Optimize SQL Requests in Django

Vincent Lossel
3 min readJan 10, 2024

--

Django uses an ORM (Object-Relational Mapping), which is an interface for managing the database by adding a layer of abstraction. Queries takes the form of operations on objects, directly in Python. Like with any ORM, using Django’s ORM has advantages and disadvantages.

Each model is accompanied by a Manager implemented through the Model class from which our models must inherits. This manager provides methods to perform various queries (Create, Retrieve, Update, Delete…).

my_account = Account.objects.create(username="Pedro")

It’s important to understand that building an optimized query within such an automated and standardized system is a complex task.
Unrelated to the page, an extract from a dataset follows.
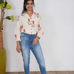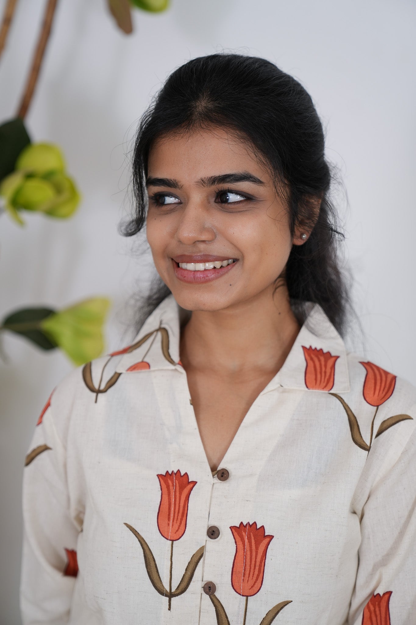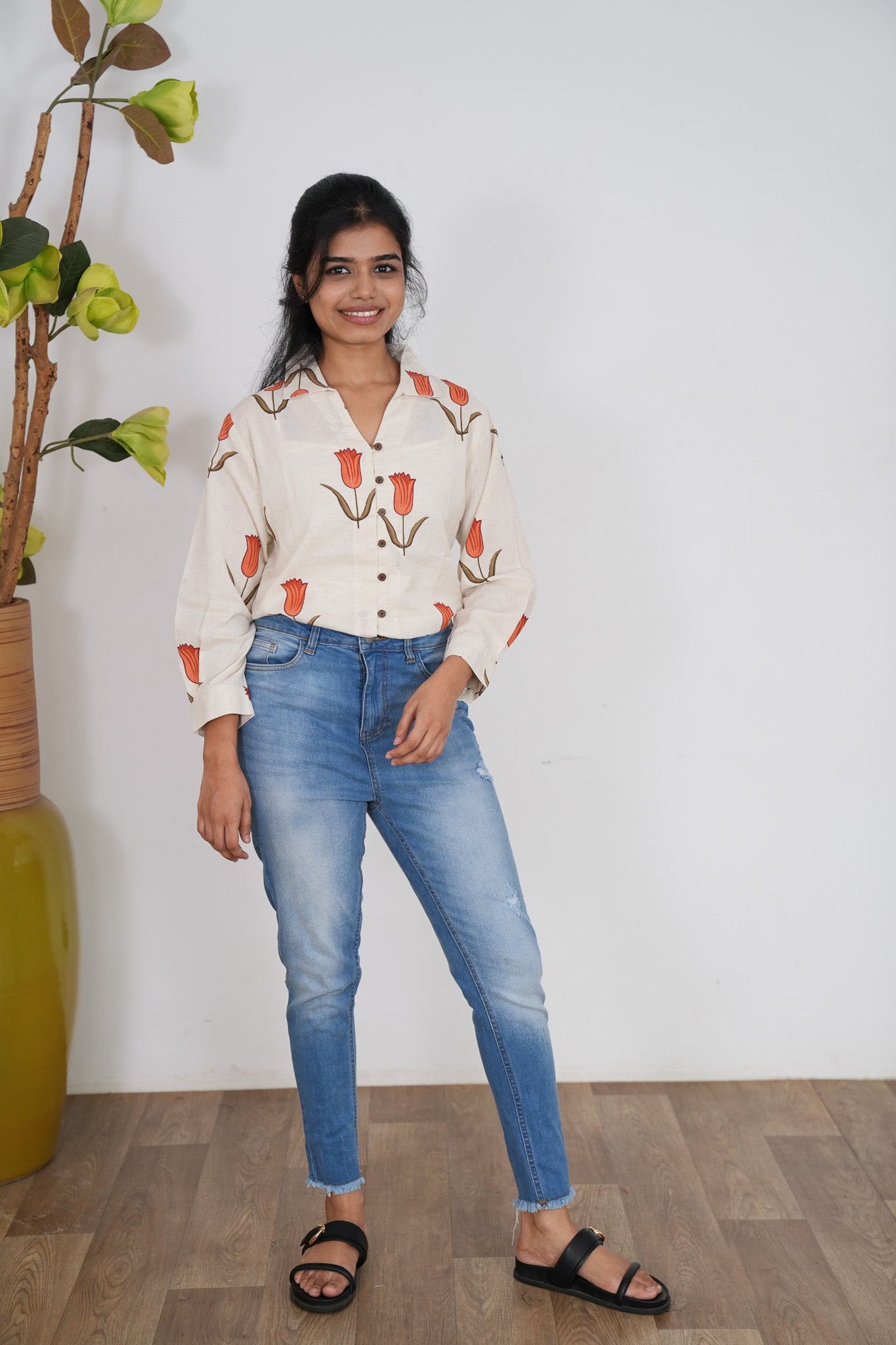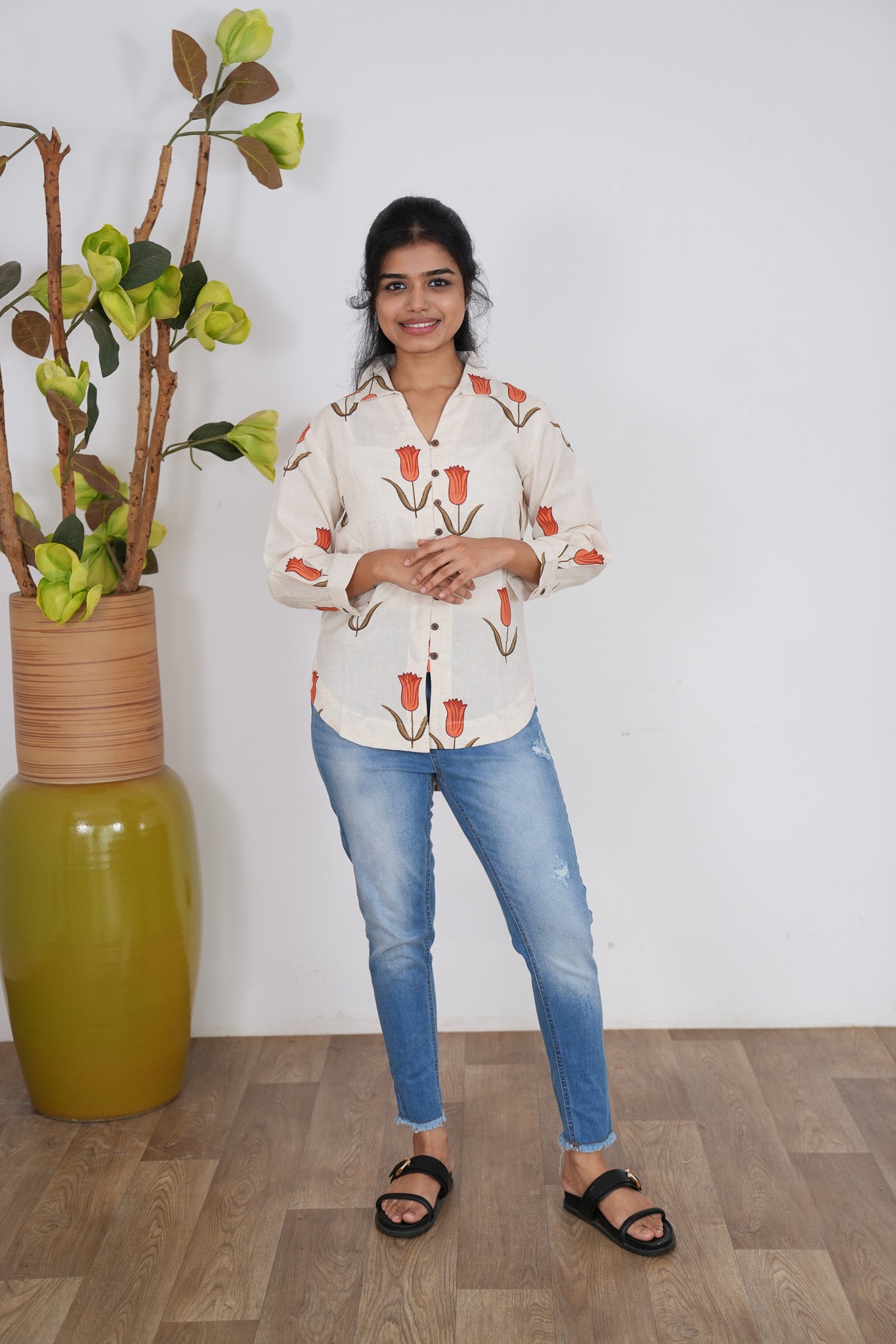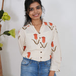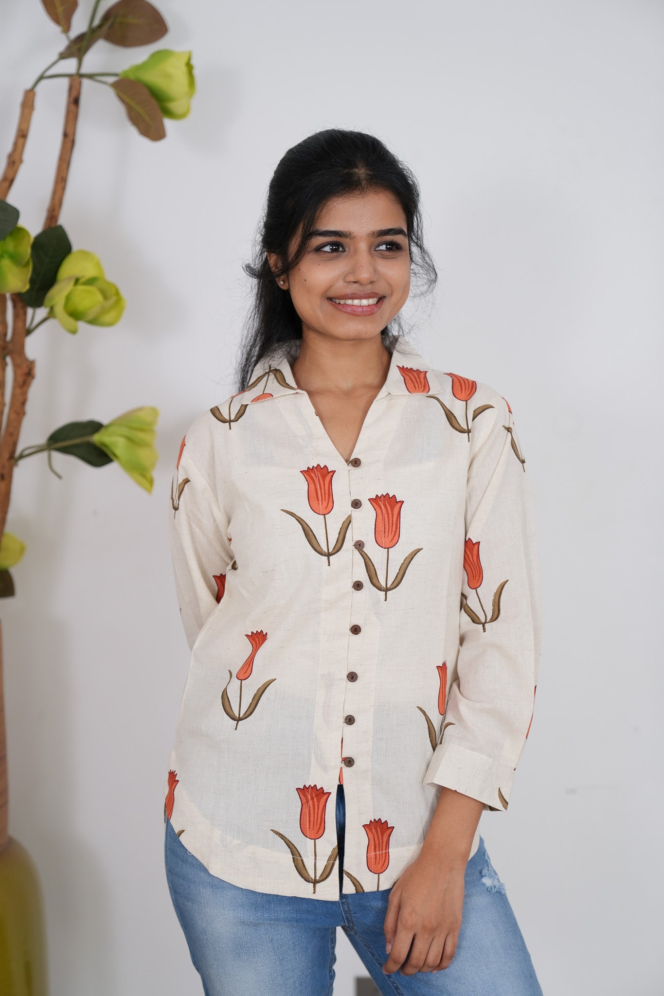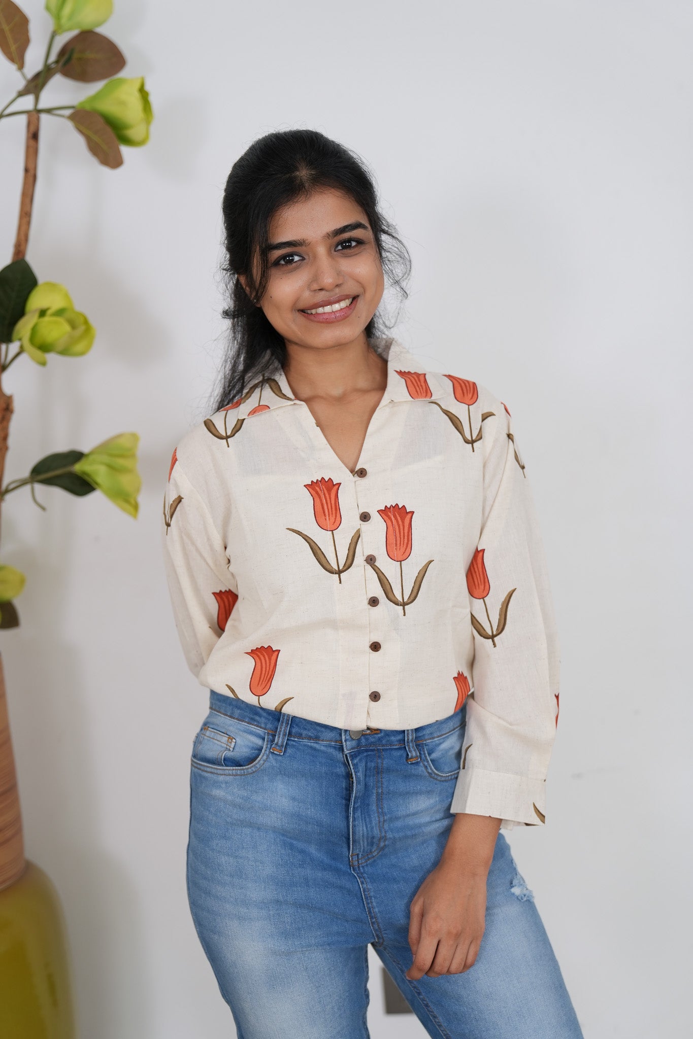 Crisp shirt with tulips pattern on the shirt with button detailing in the centre and in the sleeve ends.

Simple queries are usually well-handled and don’t pose real performance issues. However, complexe queries often lead to a performance loss that an SQL query could have avoided.

Measurement Tools

Before attempting to optimize ORM queries, it’s crucial to measure existing performance and evaluate the ORM’s actions for each query. For this purpose, I recommend using django-debug-toolbar.

Keep in mind that trying to optimize a system still in development or not facing any performance issues is not a good idea. Developers often tend to optimize for future problems that may never occur.

Django Debug Toolbar is a Django application that provides extensive information about Django’s operation and its various systems. During development, django-debug-toolbar returns information about ORM queries, templates, caching, and more. In essence, it is a development tool that should be present in all your Django projects.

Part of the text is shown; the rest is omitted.